Methods For Reducing Debt
For 2020, the most popular New Year's resolution people made was to manage their finances1 better. If you're looking to do the same in 2021, reducing your debt is one of the more meaningful actions you can take to improve your finances.
When you reduce your debt, you'll raise your credit score and lower your monthly expenses. All the money you would have paid toward debt can now go toward your various savings goals like buying a home or saving for retirement.
Explore the tips below to help you reduce your debt and make good on a New Year's resolution that will pay you back for investing in your financial wellness.
Get a side hustle
If you find you have some time to spare, a side hustle can help you chip away at your debt. From gig economy jobs to part-time or seasonal work around the holidays, every little bit you earn means more cash toward paying down your debt.
Side hustles don't have to bring in much to make a big difference, either. For example, if you have a $5000 credit card balance that charges 15% interest, making a minimum payment of roughly $113 means you'll take over five years to pay off that card and pay over $2,300 in interest. If you put an extra $200 toward that debt each month from a side hustle, you'll pay off your debt in only 18 months and only pay $612 in interest. A part-time gig that brings in just a couple hundred dollars a month can make an impact.
Adjust your budget
If you already have a budget in place, a budget review might be just what you need to find more money to help reduce your debt.
When reviewing your budget, don't automatically think you have to eliminate everything fun. Depriving yourself is a good way to make you quickly resent your debt payoff strategy. Instead, think of ways you can reduce everyday expenditures. Reducing your grocery bill or skipping a few take-out meals a month can translate to significant savings.
Leverage balance transfers
If you have available credit on your credit cards, using balance transfers can be a powerful way to accelerate your debt payoff. Many credit cards offer low balance transfer rates for a promotional period, say six or twelve months. By transferring balances to cards offering low introductory interest rates, you can save a significant amount in interest and make your debt disappear faster.
When exploring balance transfers, be on the lookout for any balance transfer fees and how those will add to the balance you're transferring. Transfer fees average 3% to 5%2 of the balance you're transferring.
Because a HELOC is secured by your home, interest rates are often lower than with credit cards, student loans, and other personal loans.
Ask for a lower interest rate
Depending on how long you've had your credit card, you might be able to call your card issuer and ask for a lower interest rate. While this is a more aggressive strategy that's not guaranteed to work, those with longstanding good payment histories could score a rate reduction.

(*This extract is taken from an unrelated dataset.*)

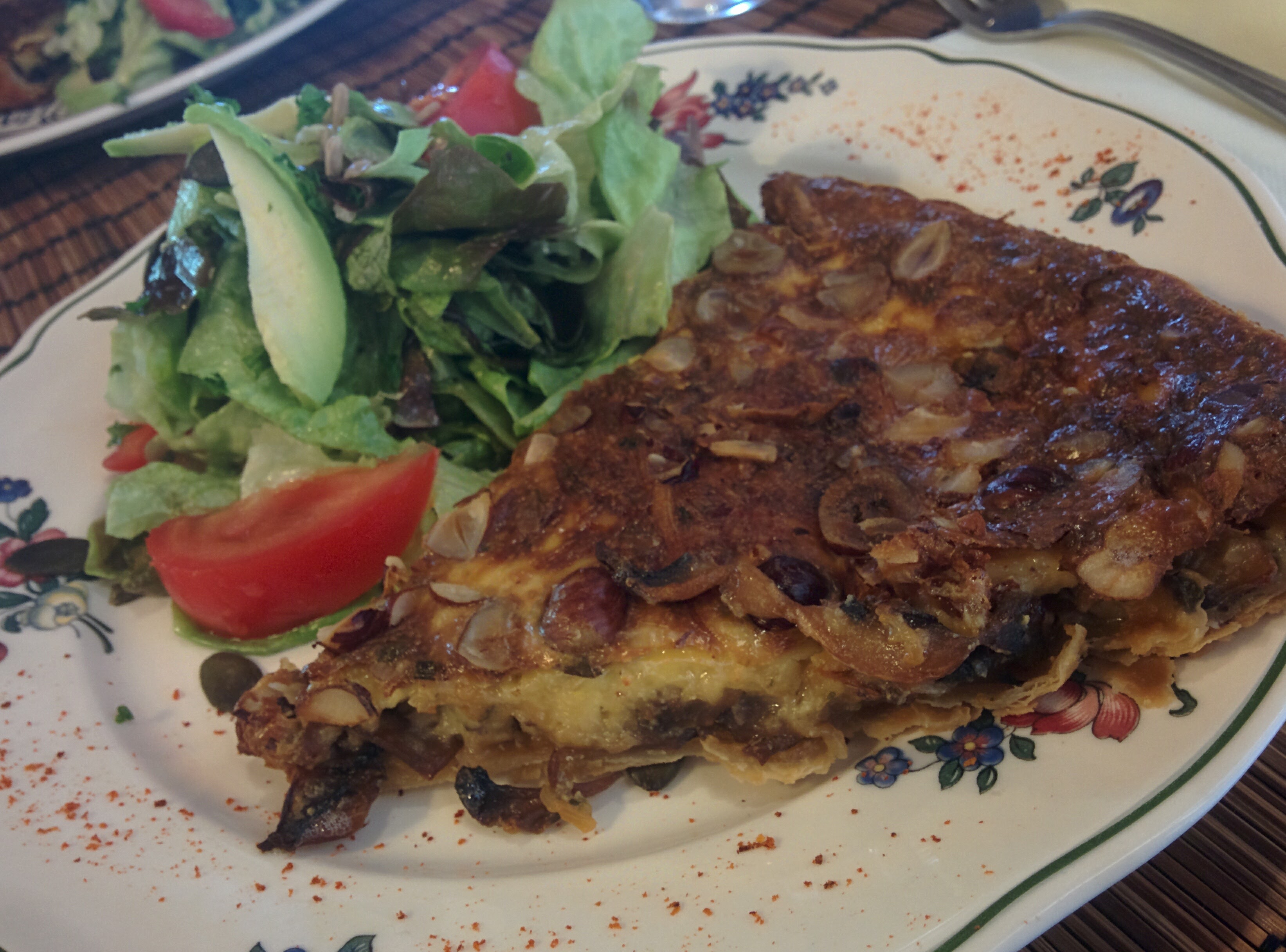 Endroit sans chichis, tarte champignons noisettes et parmentier lentilles courgettes patates douces excellents tout comme le far et les crumbles en dessert

If you're also considering a balance transfer, you can use this as leverage to entice your card issuer to extend you the same offer or reduce your rate. The worst that can happen is the issuer says no, and you're no worse off than you were before you asked. However, if you score the rate reduction, you'll be saving interest, and your monthly payments will go further toward reducing your debt.
Consolidate to save
If keeping track of multiple loans and credit cards with higher interest rates is a hassle, you might consider a debt consolidation loan. If a loan offers a lower interest rate than the debts you want to combine, you'll save in interest and gain convenience by having one easy monthly payment.
Keep in mind that consolidating debt can seem like a convenient option if you're currently making multiple monthly payments. However, you don't want to sacrifice savings for convenience. Only consolidate debts that are at an interest rate higher than a new loan.
Consider a HELOC
If you're a homeowner, a home equity line of credit (HELOC) could help you reduce your debt by consolidating your debt into a single, low-interest monthly payment using your home equity as collateral. Because your home secures the loan, interest rates with a HELOC are often lower than with credit cards, student loans, and other personal loans.
When reviewing a HELOC as an option, speak with a loan officer or financial advisor to see if this type of strategy makes sense to help you reduce your debt. You'll need to take into consideration your home's equity, how long you plan to stay in your home, the interest rate (and how it compares to your current debt), and the closing costs associated with this type of line of credit. All will have an impact on whether a HELOC makes sense to pay down your debt.
With the six strategies above, you now have more tools in your financial toolbox to help you reduce your debt and stick to your New Year's resolution of managing your finances better.
Important disclosure information
This content is general in nature and does not constitute legal, tax, accounting, financial or investment advice. You are encouraged to consult with competent legal, tax, accounting, financial or investment professionals based on your specific circumstances. We do not make any warranties as to accuracy or completeness of this information, do not endorse any third-party companies, products, or services described here, and take no liability for your use of this information.